What you have to do: Transcribe exactly the lines from the one holding "for you! ♡゙" through the closing line of the entries below. Pictures stay out of the copy.

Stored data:
__________
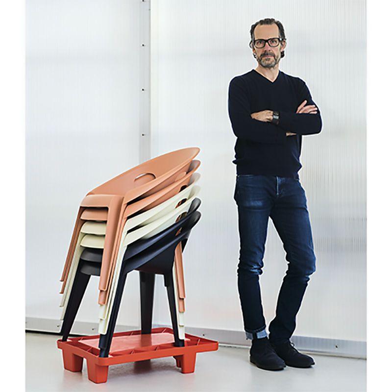 屋内でも屋外でも映えるデザイン。グルチッチデザインによるスタッキングアームチェア。植物の球根のようなフォルムでコンパクトながら安定感を兼備。 「手ごろな価格で用途が広く、循環経済にも配慮した椅子が作りたい」 Magisとグルチッチが再びタッグを組みました。わずか2.7㎏と平均的なプラスティックチェアの約半分の重さ(マジス調べ)。軽さの秘密は、機知に富んだデザインです。球根状のフォルムは構造的に強いだけでなく、非常に快適で、見た目にも美しいチェアです。
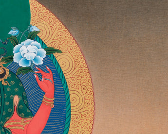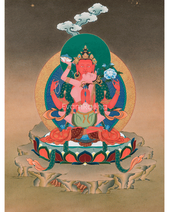 Red Chenrezig, also known as Gyalwa Gyatso, is a powerful manifestation of the Bodhisattva of Compassion Avalokiteshvara, representing a dynamic and active form of compassion. His red color represents the incredible ability of compassion, which can turn negative emotions into wisdom and kindness. Through meditation, rituals, and thangka paintings, practitioners connect with Red Chenrezig to cultivate deep compassion, purify negative karma, and achieve spiritual growth.
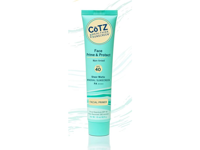 CōTZ® Face Prime & Protect SPF 40 is a sheer mineral sunscreen providing broad spectrum UVA-UVB protection in a silky, translucent primer. Layers beautifully under makeup or can be used alone for a smooth matte finish. Non-tinted formula is ideal for lighter skin tones.
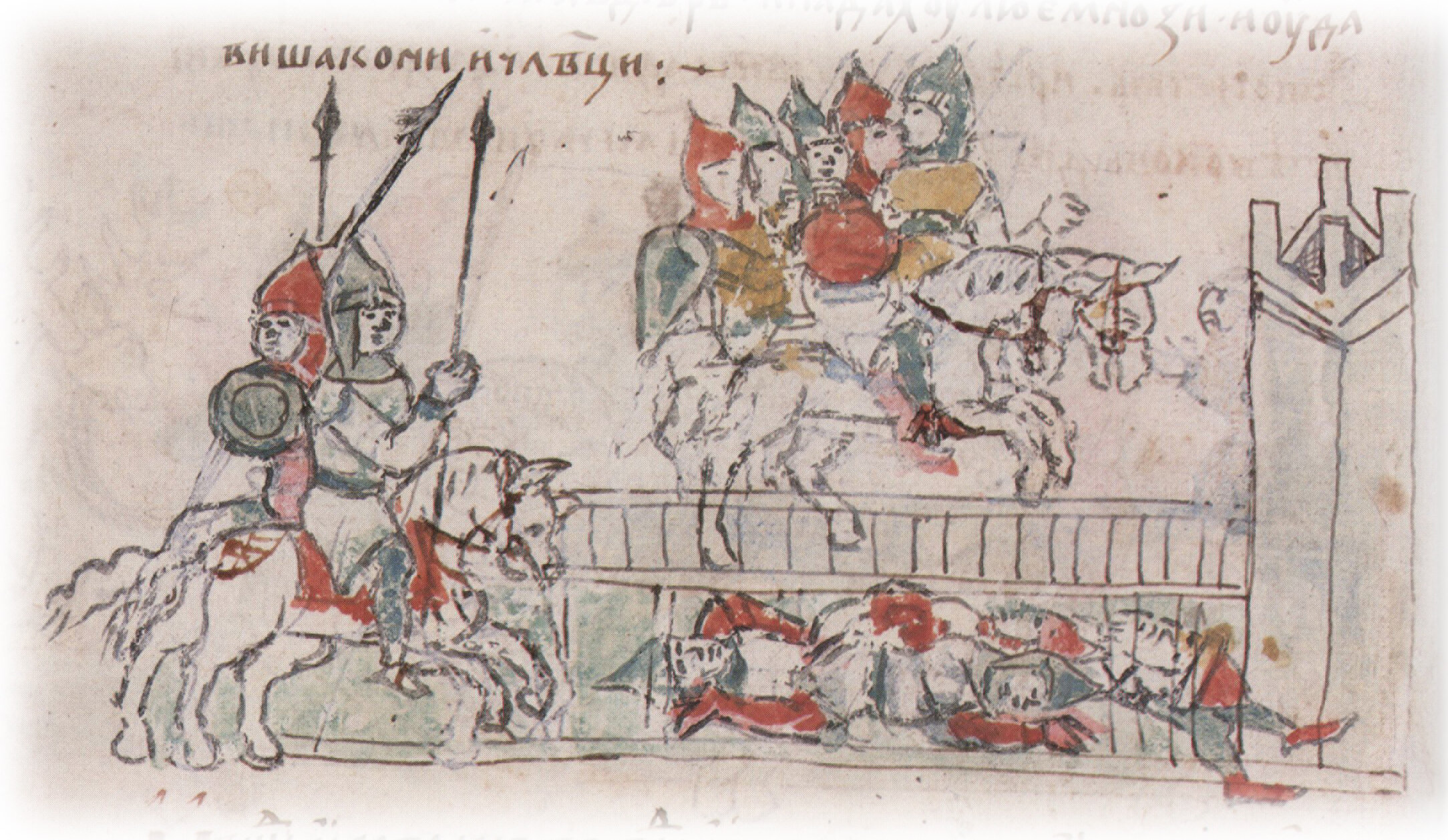 Гибель Олега Святославича и многих его воинов, сбитых с моста в ров у городских ворот Овруча.
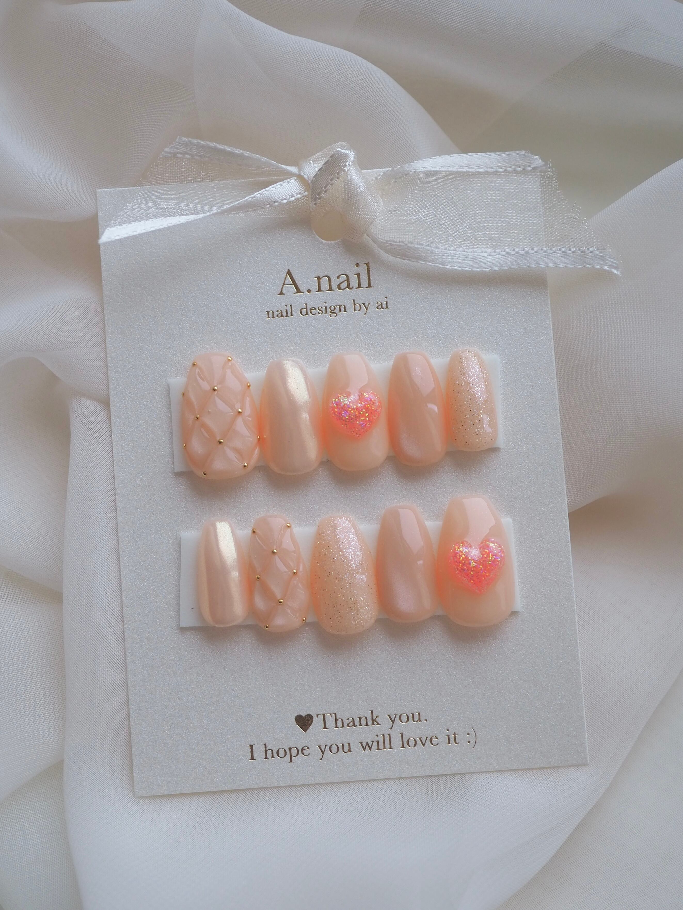◎ Even with the same design, nail sizes and shapes differ. Each nail tip is uniquely crafted, with variations in heart sizes, shell placements, and other details, creating a custom and personalized aesthetic. Enjoy a one-of-a-kind nail set made just for you! ♡゙
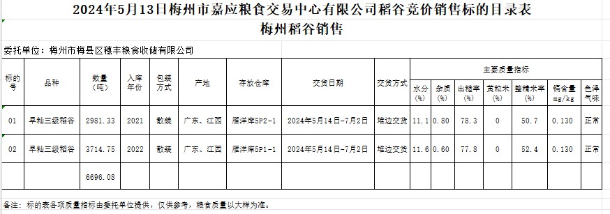 受客戶委托,梅州市嘉應(yīng)糧食交易中心有限公司定于2024年5月13日(星期一)舉辦糧食競(jìng)價(jià)交易會(huì)。梅州市梅縣區(qū)穗豐糧食收儲(chǔ)有限公司擬銷售2021年、2022年產(chǎn)早秈稻6696.08噸。
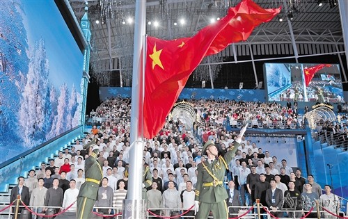 20时整,闭幕式开始。全体起立,高唱中华人民共和国国歌,鲜艳的五星红旗冉冉升起。
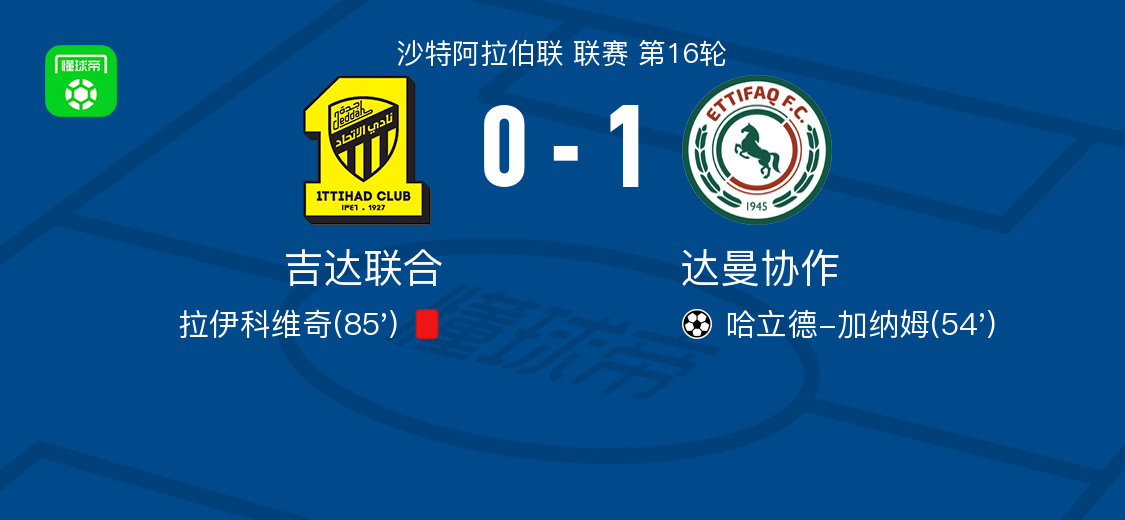 北京时间1月17日沙特阿拉伯联 联赛 第16轮,吉达联合主场对阵达曼协作。达曼协作哈立德-加纳姆破门。最终比分吉达联合 0–1 达曼协作。
__________
Solution for this task:
◎ Even with the same design, nail sizes and shapes differ. Each nail tip is uniquely crafted, with variations in heart sizes, shell placements, and other details, creating a custom and personalized aesthetic. Enjoy a one-of-a-kind nail set made just for you! ♡゙
 受客戶委托,梅州市嘉應(yīng)糧食交易中心有限公司定于2024年5月13日(星期一)舉辦糧食競(jìng)價(jià)交易會(huì)。梅州市梅縣區(qū)穗豐糧食收儲(chǔ)有限公司擬銷售2021年、2022年產(chǎn)早秈稻6696.08噸。
 20时整,闭幕式开始。全体起立,高唱中华人民共和国国歌,鲜艳的五星红旗冉冉升起。
 北京时间1月17日沙特阿拉伯联 联赛 第16轮,吉达联合主场对阵达曼协作。达曼协作哈立德-加纳姆破门。最终比分吉达联合 0–1 达曼协作。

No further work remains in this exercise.